What the task requires:
Since only the words are wanted, reproduce every entry exactly and leave the images behind.

————

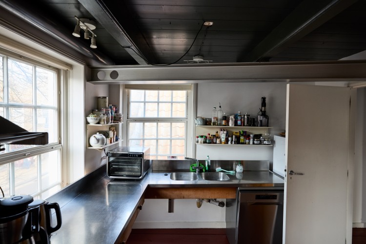 Kunsthuis Syb is centrally located in a monumental building on the main street of the village of Beetsterzwaag. The ground floor is, as it were, the public interface of the organization. The front part hosts artistic presentations. The second and third floors consist of a kitchen, a large living room and an apartment for artists who conduct research through residencies. This homely atmosphere remains present in the working methodology.
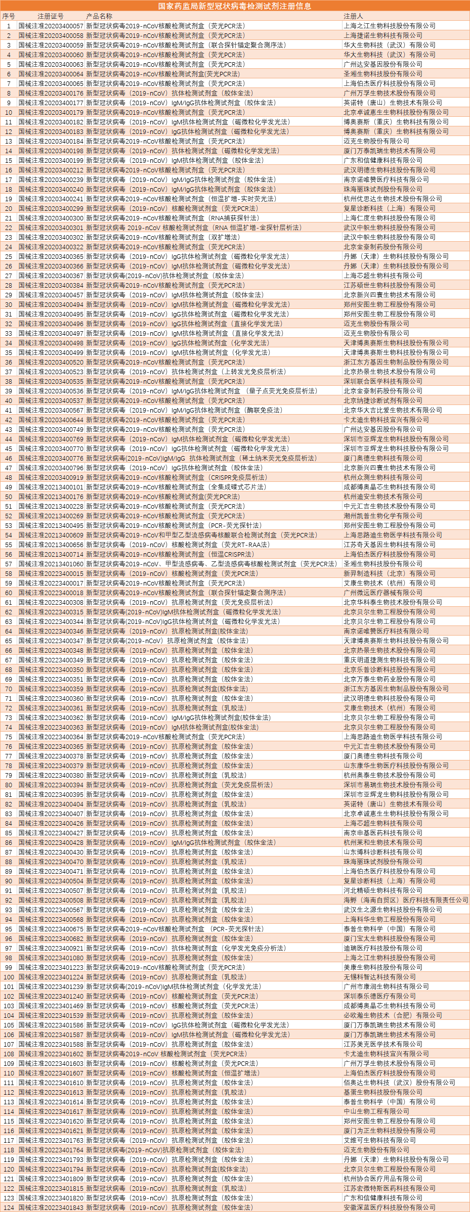 截至2023年2月,NMPA已完成124个新型冠状病毒检测试剂盒的应急审评工作,上述产品经国家药监局审批获准上市。
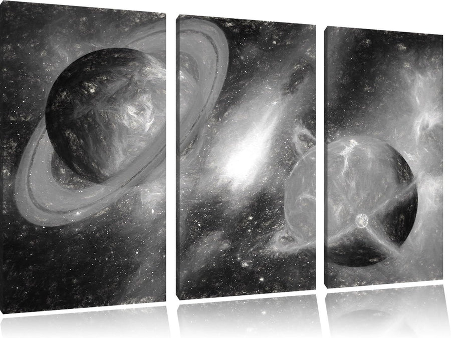 Pixxprint Ausgleich im Weltall Kunst B&W 3-Teiler Leinwandbild 120x80 Bild auf Leinwand
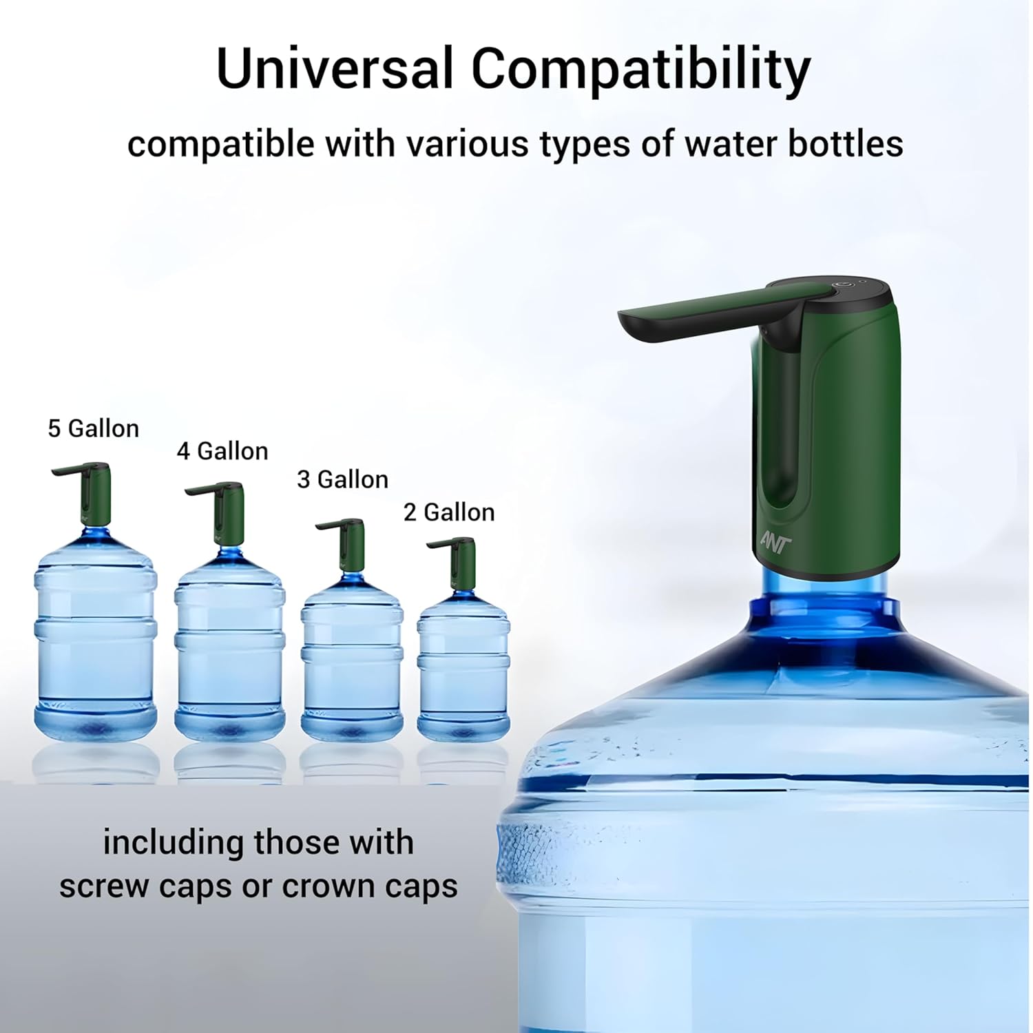 Ant H2O 20 Rechargeable Water Dispenser Pump for up to 20Ltr, Foldable Portable Water Bottle Pump USB Charging Electric Drinking Water Pump for Camping,Water Table Pump, Kitchen_ Green
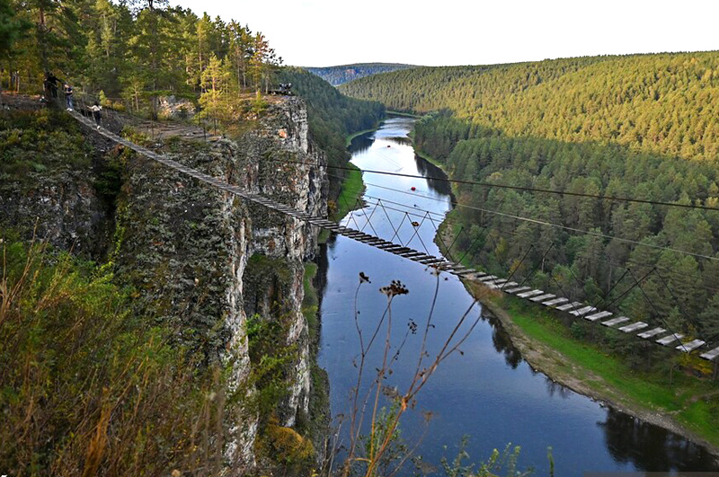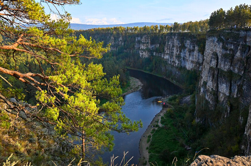 Айские притесы, пешеходная прогулка с выходом на смотровые площадки. Айские притесы — это главная фотозона Челябинской области, по-настоящему фантастическое место, которое никого не оставит равнодушным. Отвесные стометровые скалы, примыкающие к самой реке, впечатляют своими масштабами и сказочной красотой. С разных смотровых площадок открывается совершенно изумительный вид на долину реки Ай, пещеры, гроты и противоположный берег, покрытый густым, непроходимым лесом.
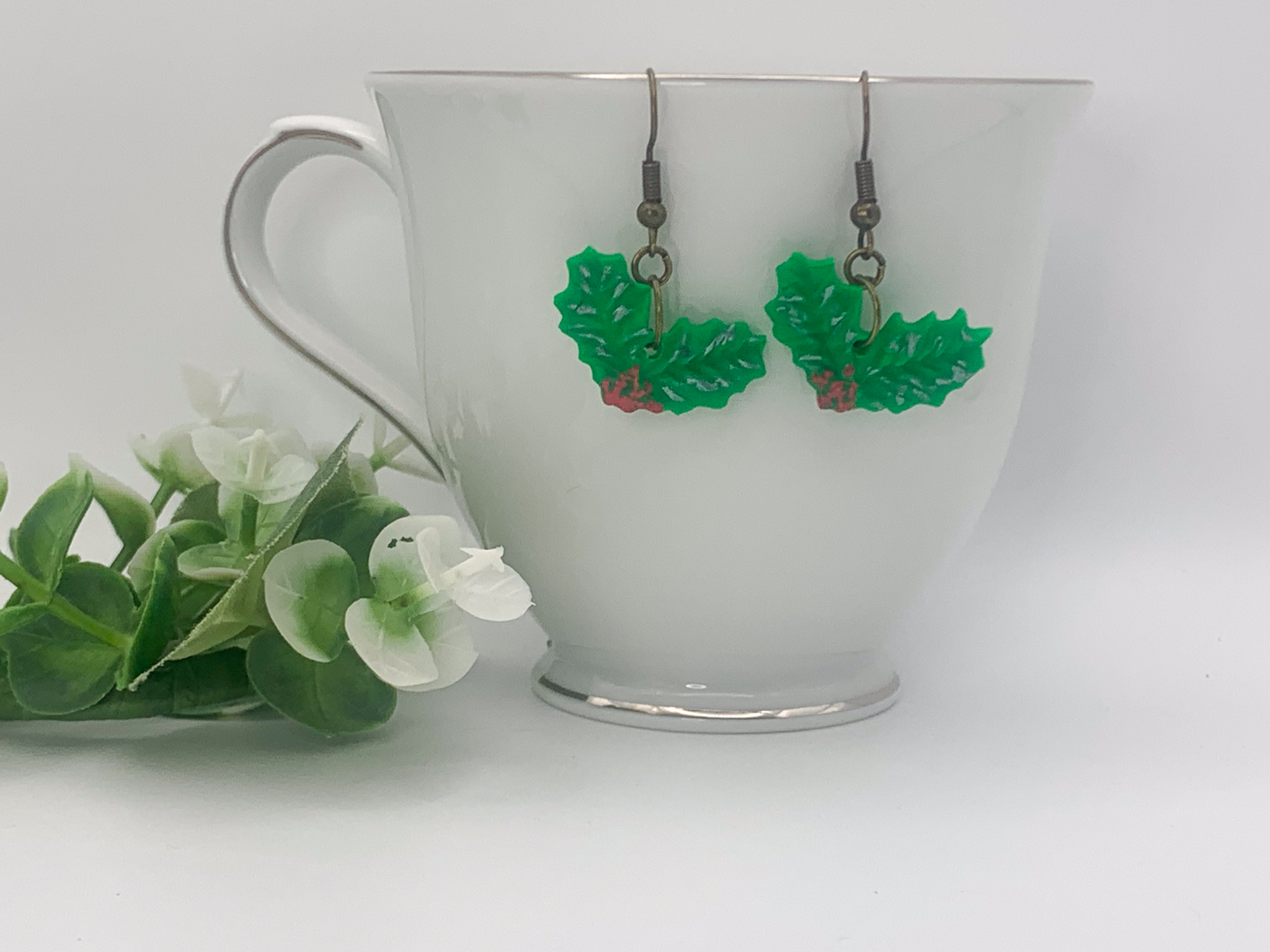 Celebrate the season with these charming holly leaf earrings! Featuring bright green leaves and tiny red berries, they’re a subtle yet festive accessory for any holiday occasion.

————

Task answer:
 Kunsthuis Syb is centrally located in a monumental building on the main street of the village of Beetsterzwaag. The ground floor is, as it were, the public interface of the organization. The front part hosts artistic presentations. The second and third floors consist of a kitchen, a large living room and an apartment for artists who conduct research through residencies. This homely atmosphere remains present in the working methodology.
 截至2023年2月,NMPA已完成124个新型冠状病毒检测试剂盒的应急审评工作,上述产品经国家药监局审批获准上市。
 Pixxprint Ausgleich im Weltall Kunst B&W 3-Teiler Leinwandbild 120x80 Bild auf Leinwand
 Ant H2O 20 Rechargeable Water Dispenser Pump for up to 20Ltr, Foldable Portable Water Bottle Pump USB Charging Electric Drinking Water Pump for Camping,Water Table Pump, Kitchen_ Green
 Айские притесы, пешеходная прогулка с выходом на смотровые площадки. Айские притесы — это главная фотозона Челябинской области, по-настоящему фантастическое место, которое никого не оставит равнодушным. Отвесные стометровые скалы, примыкающие к самой реке, впечатляют своими масштабами и сказочной красотой. С разных смотровых площадок открывается совершенно изумительный вид на долину реки Ай, пещеры, гроты и противоположный берег, покрытый густым, непроходимым лесом.
 Celebrate the season with these charming holly leaf earrings! Featuring bright green leaves and tiny red berries, they’re a subtle yet festive accessory for any holiday occasion.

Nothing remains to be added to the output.